Luc Frieden: Tout comme l’économie en général, le secteur financier doit s'adapter. Nous venons de vivre une grave crise financière et économique. Nous avons tiré une série de leçons que nous devons graduellement mettre en œuvre pour renforcer notre place financière. Il y a par ailleurs de nouveaux concurrents dans le monde qui n'étaient pas là il y aune vingtaine d'années. Je pense à Singapour ou Hong Kong, par exemple. Par des adaptations, qui doivent venir aussi bien du public que du privé, nous devons améliorer la Place pour qu'elle reste crédible et compétitive à l'échelle mondiale.

Jean-Michel Gaudron: Vous dites que nous sommes sortis de la crise?

Luc Frieden: Nous subissons toujours les effets de cette crise globale et nous y resterons encore dans les quelques années à venir. Les efforts d'adaptation que nous déciderons aujourd'hui ne porteront pas leurs fruits du jour au lendemain, mais la croissance économique nous reviendra certainement.

Jean-Michel Gaudron: La place financière est-elle bien armée pour traverser une telle période?
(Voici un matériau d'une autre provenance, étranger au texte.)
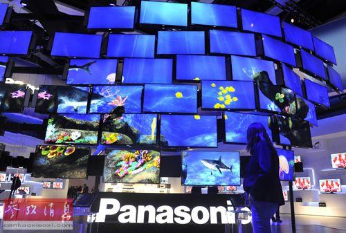 資料圖片:2012年8月29日,在德國首都柏林舉行的消費電子展上,參觀者在松下展廳觀看“電視牆”。
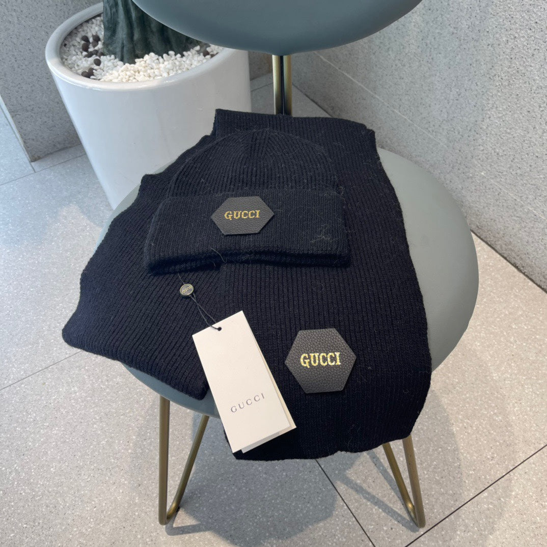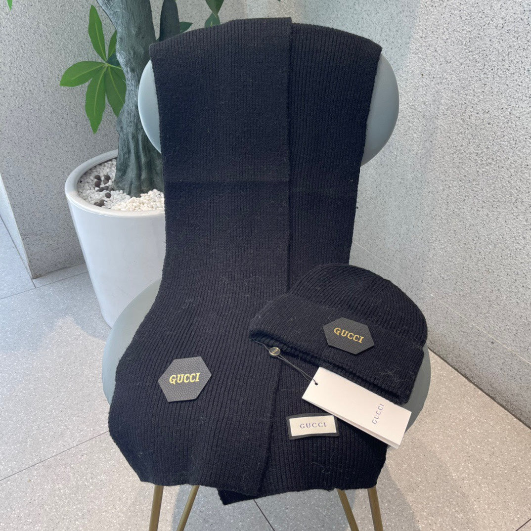 SET SCARF AND HAT IN BLACK WOOL 414805
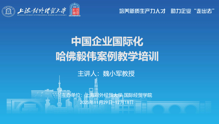 随着国际国内形势的不断变化以及数字化技术的快速发展,我国对外贸易和对外投资领域发生了重大变化。外贸新业态新模式不断涌现,国际投资从外商直接投资为主转为大量中国企业对外投资。11月29日至12月18日,上海对外经贸大学国际经贸学院特邀加拿大阿尔格马大学魏小军教授,以“中国企业国际化”为主题,开展案例开发与案例教学系列培训。此次专题培训也是适应当前企业“走出去”的人才需求,从人才培养供给侧主动改革的重要举措。
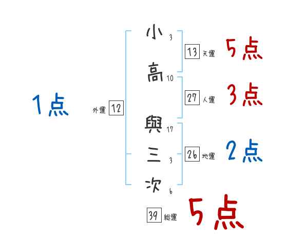 天運![]() | 小高與三次さんの天運は13画の5つ星!才能に恵まれ人気がある。名声を手に入れる。円満な人生。 家系が持つ宿命的な運勢を表します。祖先から受け継いだ苗字ですので自分の力が及びません。家柄を象徴します。 |
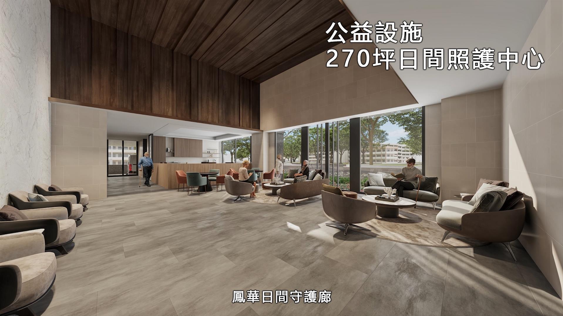 本案的公共與公益設施,包含室内270坪日間照顧中心及室内150坪環保局辦公室等,提供長輩白天的照護服務,包括生活照顧、餐飲服務、交通接送、健康促進活動、文康休閒活動,讓長輩在日間也能獲得專業的照顧和豐富的社交生活,並捐贈一座Ubike2.0車站,以落實大眾運輸導向之捷運城市政策。

Luc Frieden: Elle est avant tout une place financière internationale et il est important, dans ce contexte, de renforcer encore cette dimension. Le monde des finances est un monde global et l'interdépendance de nos économies une réalité. Créer des synergies entre les différents marchés et régions dans le monde permet de soutenir une croissance qui profite à tous. Notre place financière est en effet bien outillée pour déployer cette caractéristique internationale. Les missions de développement de la place financière, que j'organise conjointement avec Luxembourg for Finance, s'inscrivent justement dans cette stratégie globale. J'ai débuté l'année 2013 avec une mission en Chine, et d'autres suivront.
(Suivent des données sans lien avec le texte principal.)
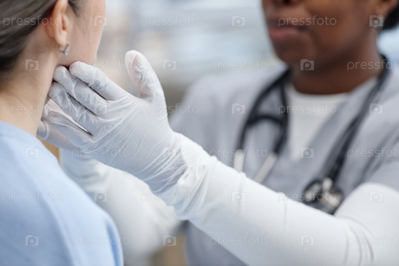 Чернокожая женщина среднего возраста Врач, осматривающий молодого взрослого белокожей женщины шею
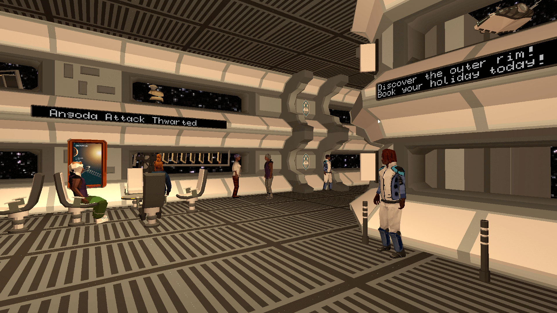 Le temps passe vite dans le monde d’Objects in Space. Il n’y a pas de dialogues répétitifs de PNJ, les choix et les décisions sont définitifs et engendrent de sérieuses répercussions. Il faut jouer plusieurs fois les 3 mois que durent l’aventure d’Objects in Space pour découvrir tout le contenu narratif du jeu qui comporte 100 quêtes.

Jean-Michel Gaudron: Cette promotion à l'étranger est-elle la seule façon de parvenir à consolider la place financière?

Luc Frieden: C'est en tous les cas l'un des moyens forts. Pour le reste, nous devons veiller à ce que les autres atouts traditionnels du Luxembourg soient conservés, voire adaptés. Il s'agit notamment de la rapidité des prises de décision, du climat favorable au développement des affaires ou encore de la mise en place d'une législation internationale. Mais je crois également qu'il faut que dans chaque établissement bancaire, l'excellence et la croissance soutenable deviennent des concepts clés pour développer des produits et des services de qualité qui permettront de se distinguer des autres places financières. Il s'agit, je le répète, d'efforts à la fois du secteur public, en termes d'encadrement économique et de promotion, et du secteur privé, en termes d'excellence, qui doivent mener au succès futur de la Place.
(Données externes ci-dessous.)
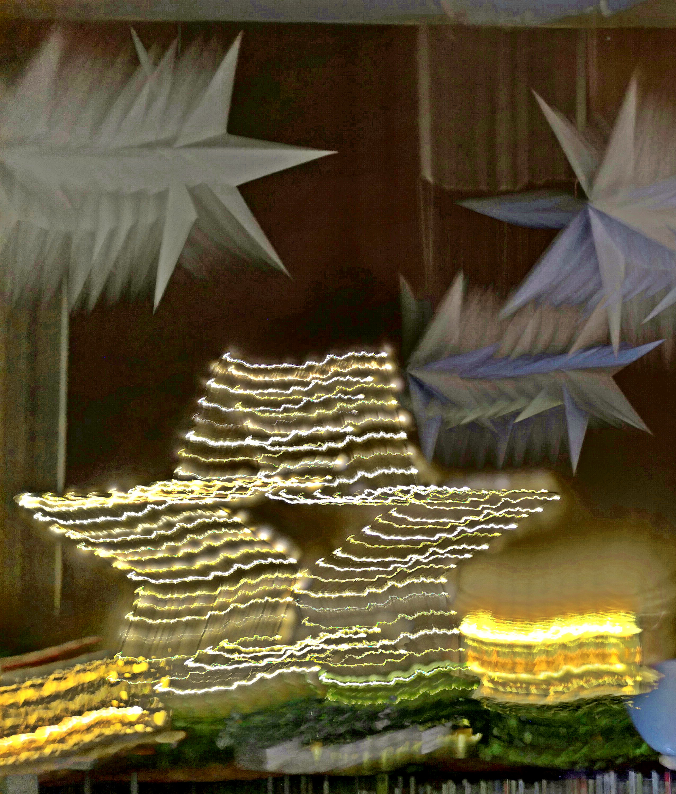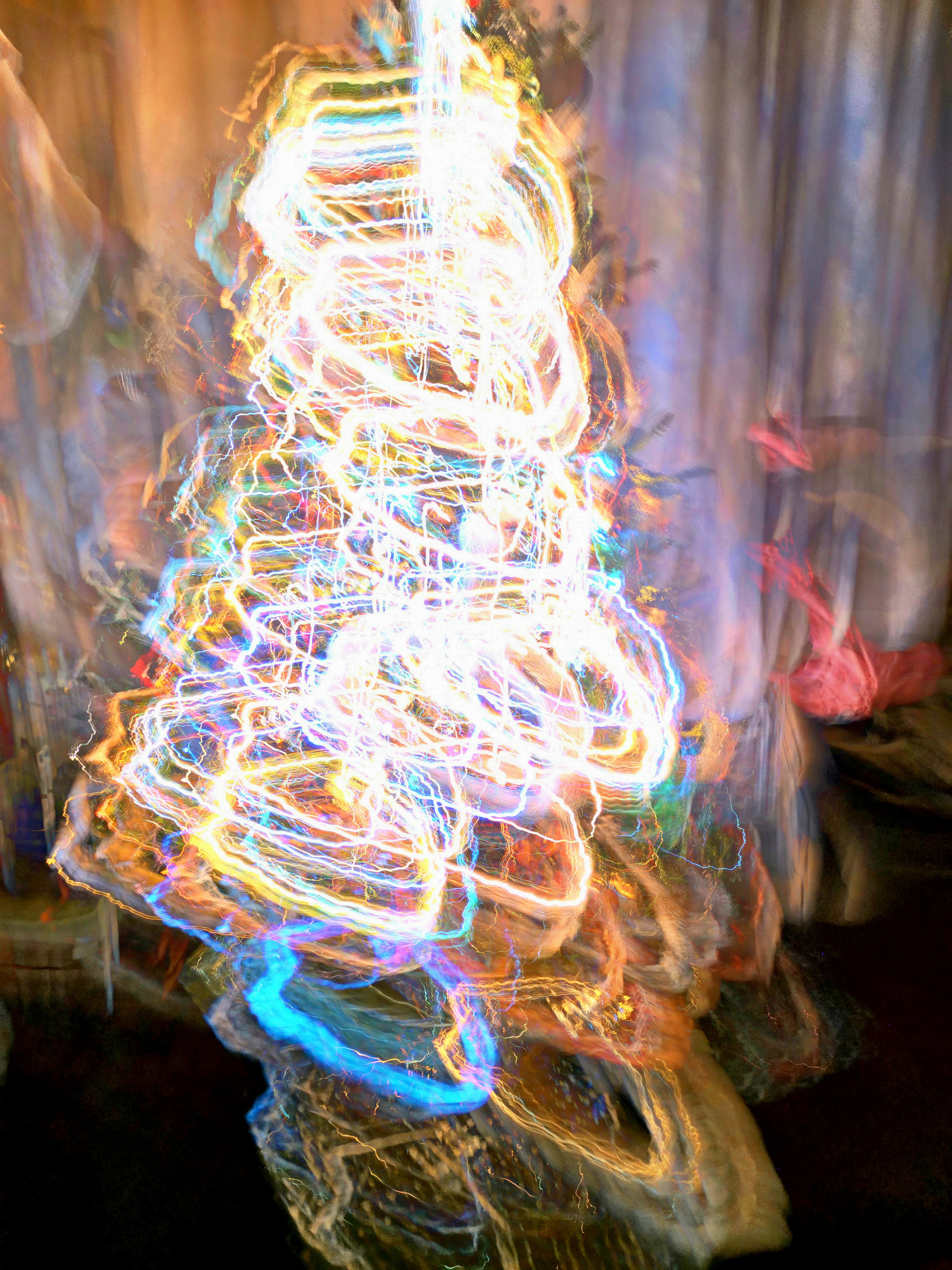For my contribution, here are a few photos of our tree and some illuminated decorations in the dark, with which I did a spot of light painting, inspired by last week’s traffic trails.
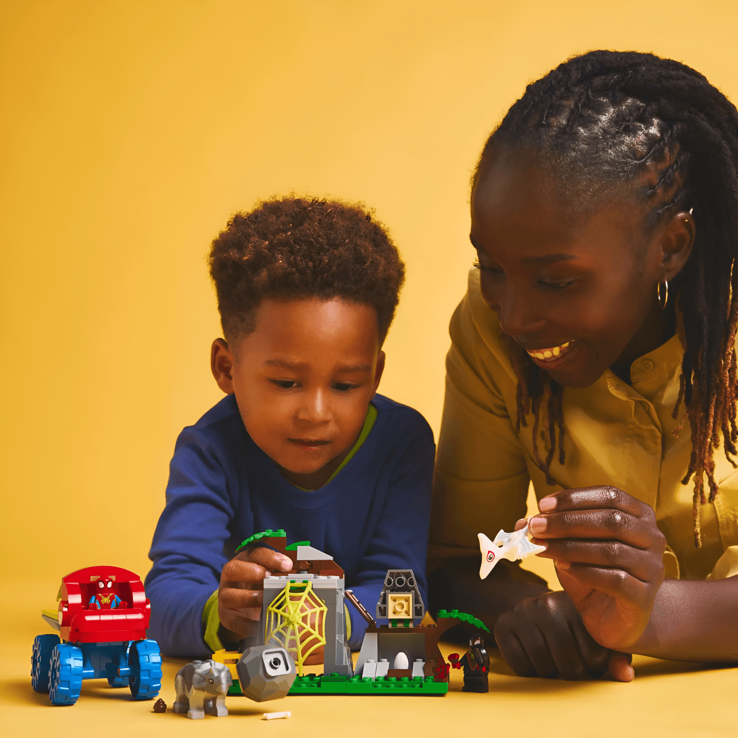 - Aventura com Super-Heróis e Dinossauros: Inclui minifiguras do Spidey, Miles "Spin" Morales e figuras de dinossauros para montar: Ghost-Spider como pterodáctilo e Rhino como tricerátopo.
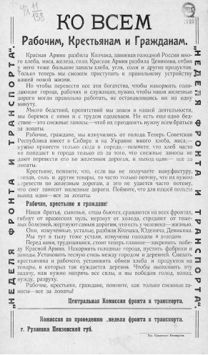 КнигаИнструкция по сбору, учету и распределению собранного в "Неделю фронта" : [листовка][1920, янв.]Наличие: Экземпляры доступные для заказа: РНБ (Садовая)Шифр хранения: ФЛ 11/25 (1).
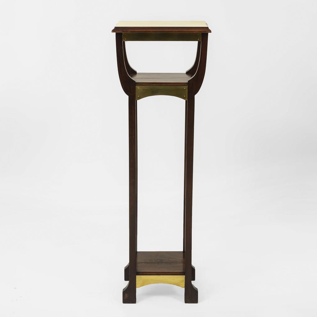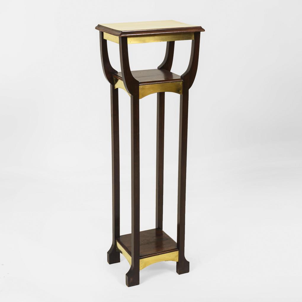 Pedestal in simple geometric form, on 4 partly curved pillar legs, with square footboard and shelf, rectangular top plate and frames decorated with brass sheets. Restored ready for living.

Jean-Michel Gaudron: Vous évoquez l'aspect législatif et réglementaire. Comment avez-vous accueilli l'accord qui s'est concrétisé au sujet de l'union bancaire et de la décision de confier la supervision des banques systémiques à la Banque centrale européenne (BCE)?

Luc Frieden: II est encore trop tôt pour évaluer l'impact de cette nouvelle architecture de supervision en Europe. Il y aura certes une répartition des tâches entre la BCE et les autorités nationales dans le contexte d'une supervision unique. Le rôle de notre supervision nationale restera toutefois tout aussi pertinent et important en ce qui concerne le développement de notre Place.

Jean-Michel Gaudron: Dans bon nombre de pays, on assiste à un mouvement de concentration des autorités de surveillance. Ce n'est pas le cas au Luxembourg. Cela sera-t-il encore le cas longtemps?

Luc Frieden: II y a clairement plusieurs modèles de supervision qui existent. L'union bancaire en tant que telle n'impose toutefois pas de modèle national. II revient aux États membres de décider du modèle qu'ils souhaitent mettre en œuvre. Au Luxembourg, il nous importe avant tout de garantir une coopération efficace entre les autorités et nous nous efforcerons de créer un dialogue encore plus étroit entre les différents acteurs pour mieux gérer les défis qui se présentent à notre Place.

Jean-Michel Gaudron: La place luxembourgeoise s'est longtemps montrée réticente à l'idée de cette union bancaire. Cela risque-t-il de constituer un frein à sa transposition ici?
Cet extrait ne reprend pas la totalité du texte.